Both of those last two titles, along with Lewis Jones’ fictions, feature in the new Library of Wales, but from another point of view that series has as yet proved less than representative, as Margiad Evans is the only woman writer in its lists. In fact, however, in recent years the view of Welsh culture as strongly masculinist has been out-moded, with many influential female voices winning prominence: it was a woman, Gwyneth Lewis, who became the first Welsh National Poet in 2005, while in the same year Gillian Clarke was made Cardiff Capital Poet as part of the capital’s anniversary celebrations, and a young novelist from the south Wales valleys, Rachel Trezise, won the first £60,000 Dylan Thomas Prize in 2006. Many contemporary Welsh writings also explore the reality of Wales’ ethnic diversity, focusing , for example, on the Irish population of Merthyr Tydfil (Desmond Barry’s A Bloody Good Friday, 2002) or Newport (Catherine Fisher’s Altered States, 1999), or on African-Welsh identities (Charlotte Williams, Sugar and Slate, 1999) and the long-established mixed-race communities of Cardiff’s docklands (Leonora Brito’s Dat’s Love, 1995, or Trezza Azzopardi’s The Hiding Place, 2000). Teaching such texts as these underlines the heterogeneity of the Welsh population and helps to establish the inclusive nature of contemporary Welsh civic identity. Modules which include such material may be in a broad sense ‘nation-building’ but they certainly do not promote any essentialist or exclusive concept of the nation. Introducing students to this body of literature is a very rewarding experience, but it is to be hoped that, within Wales at any rate, changes will soon be implemented in the idea of what should be taught as ‘English’, so that the wealth of anglophone Welsh writing will not come as such an unexpected surprise to literary undergraduates.
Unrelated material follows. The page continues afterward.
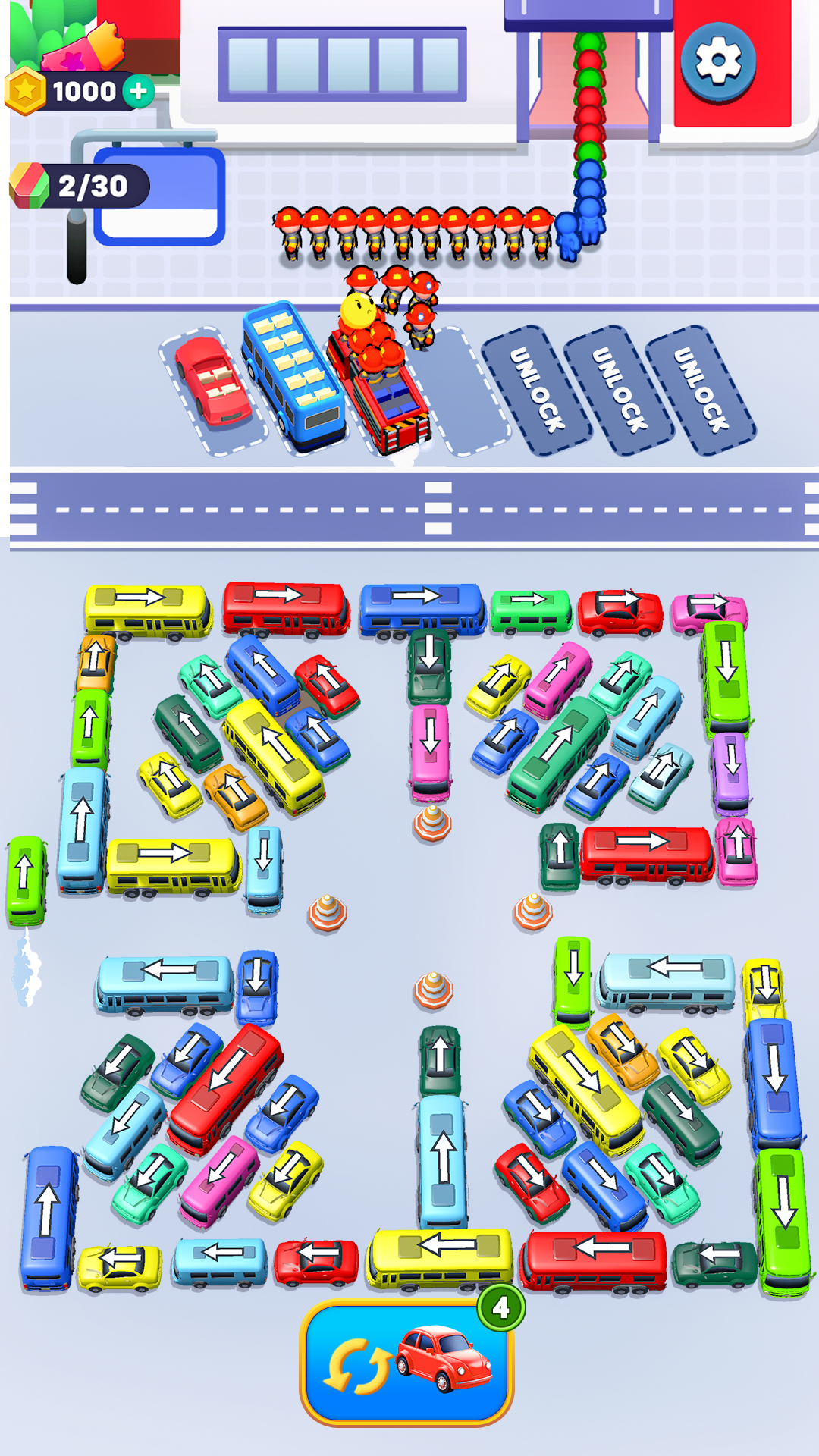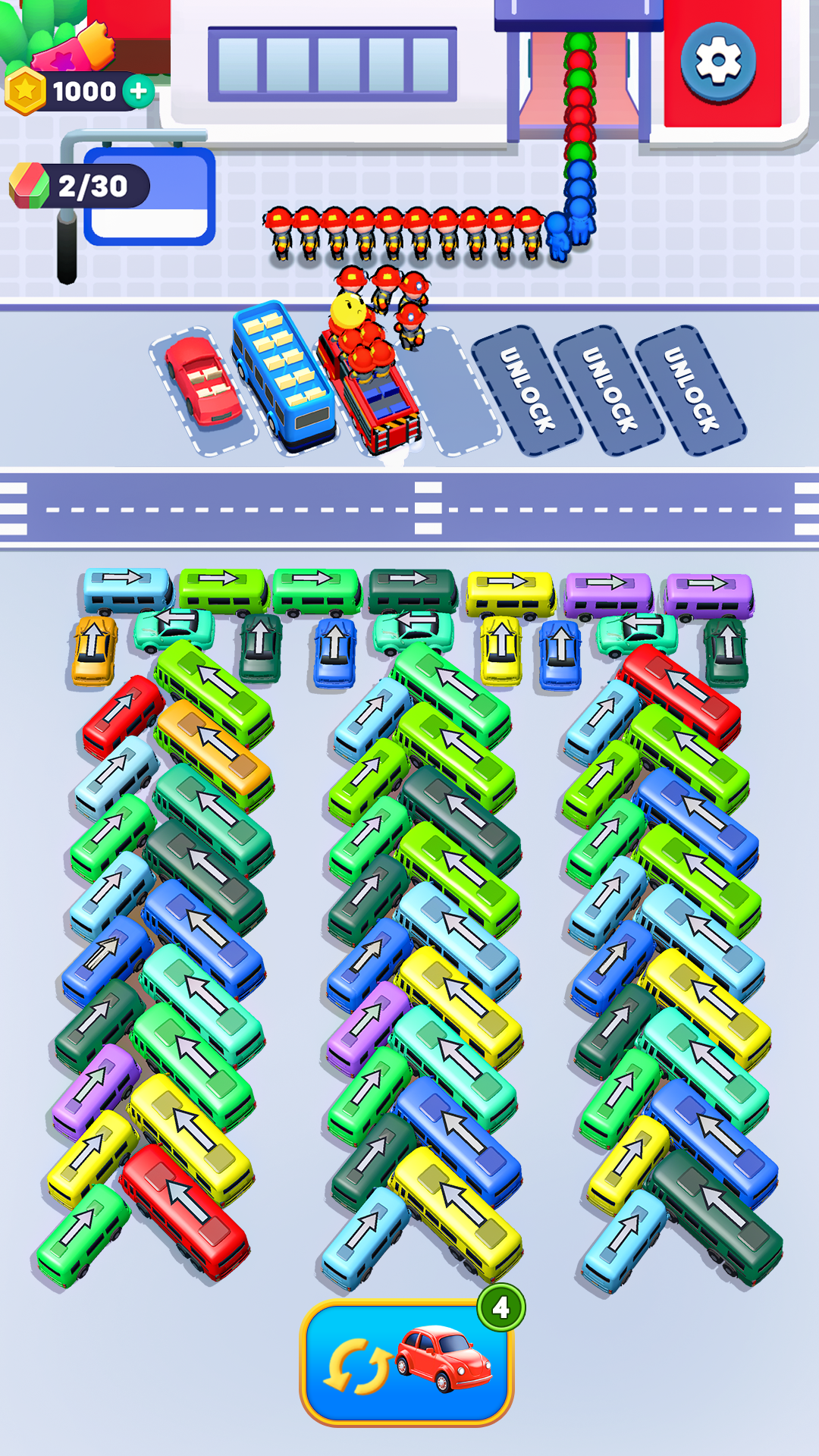 Each level gives you a new challenge. Fix parking jams, match bus colors, and clear the roads step by step. Use your brain and enjoy smooth gameplay.

Essays which begin ‘I was born and have lived all my life in Porth [or Merthyr, or Aberdare, or Blaenclydach, or Ystradgynlais, or as the case may be], and have always loved literature, but before taking this module I’d never heard of local writer Gwyn Thomas [or Glyn Jones, or Alun Lewis, or Rhys Davies, or Menna Gallie, or whoever]’ should really belong to the bad old pre-devolution days and to a past educational order.
Notes
1. Gerard Carruthers, ‘Revisionism in Irish and Scottish Literature: How far can we go?’, English Subject Centre Newsletter, 10 (2006), 10.
2. Murray Pittock, Teaching Scottish and Irish Literature, ibid, 44.
3. See Greg Hill, ‘Sisyphus goes to school’, Planet, 161 (2003), 82-5, for a more detailed account of Welsh writing in English in the WJEC syllabus.
4. Carruthers, Revisionism in Irish and Scottish Literature, 8.